To make this investment, the family would withdraw from its cash management trust, which is expected to return a steady 6.5% per year, compounded annually, for the foreseeable future. The remainder of the family's power is provided by the electrical grid. They face the following prices for energy they purchase:
|
Item
|
Units
|
Non-renewable
|
50% Renewable
|
100% Renewable
|
|
First 1000 kWh
|
$ per kWh
|
$0.2684
|
$0.2838
|
$0.2992
|
|
>1000 kWh
|
$ per kWh
|
$0.2805
|
$0.2959
|
$0.3113
|
|
Supply charge
|
$ per day
|
$0.6908
|
$0.6908
|
$0.6908
|
You may assume that electricity prices remain constant, and inflation can be ignored. Assume the power generated by the solar panels is the same year-round.
1. Which is the cheapest solar system type that would provide 50% of the family electricity consumption?
2. Assuming that the solar system performs as advertised, what is the family's quarterly bill from its energy provider? Assume there are 91 days in a quarter.
3. Using an annual discount rate of 6.5% and ignoring inflation, what is the present value of 15 years' worth of electricity bills?
4. Other than buying solar panels, what is the quarterly cost of the next best alternative, which still provides 50% renewable energy?
5. What is the present value of 30 years' worth of this solution? Again, ignore inflation, and use a discount rate of 6.5%.

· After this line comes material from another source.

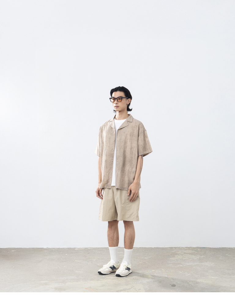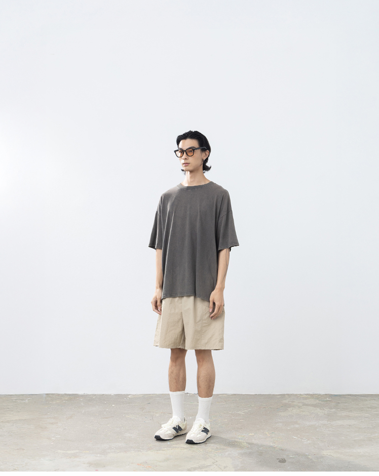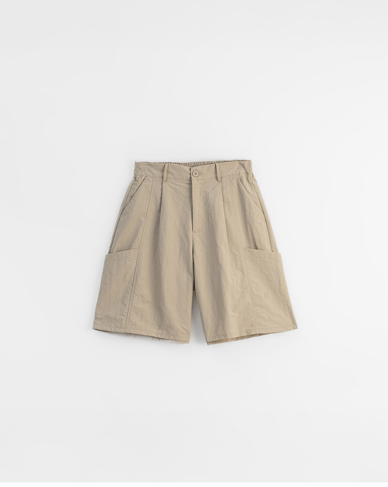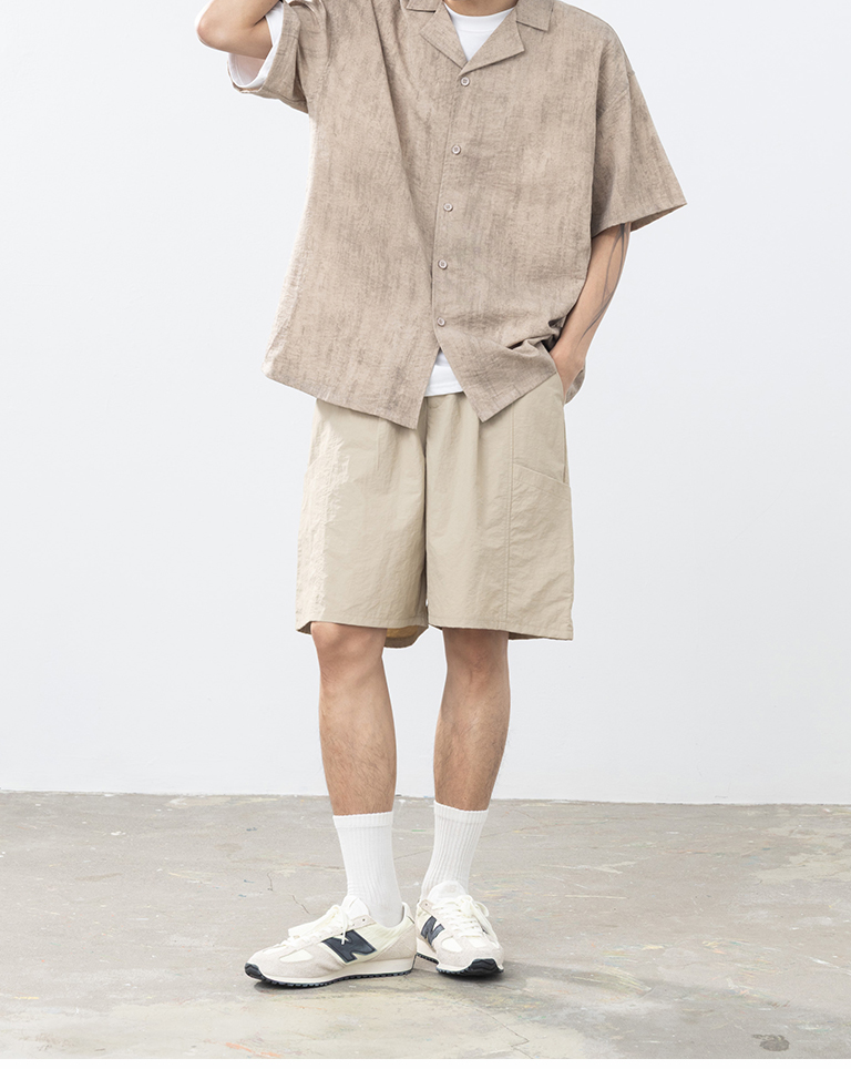 男裝 剪接口袋設計刷刷短褲-卡其S/M/L/XL

6. Conditional on using at least 50% renewable energy, what is the net present value (NPV) of purchasing the solar panel system named in question (1)? Hint: to answer this question you will need to consider the present value of renewable energy sources and the present value residual electricity bills along with any associated installation costs.
7. Interpret your result from question (6). Is buying solar panels a good idea? Explain your answer.
8. Under the same assumptions as above, assume the family is not committed to purchasing renewable energy (i.e. the family is happy with consuming non-renewable energy from the grid.) What is the NPV of purchasing solar panels now?
9. Will the family in question (8) purchase the solar panel system named in question (1)?
10. Some governments have offered subsidies to consumers to install solar panels in their homes. Why?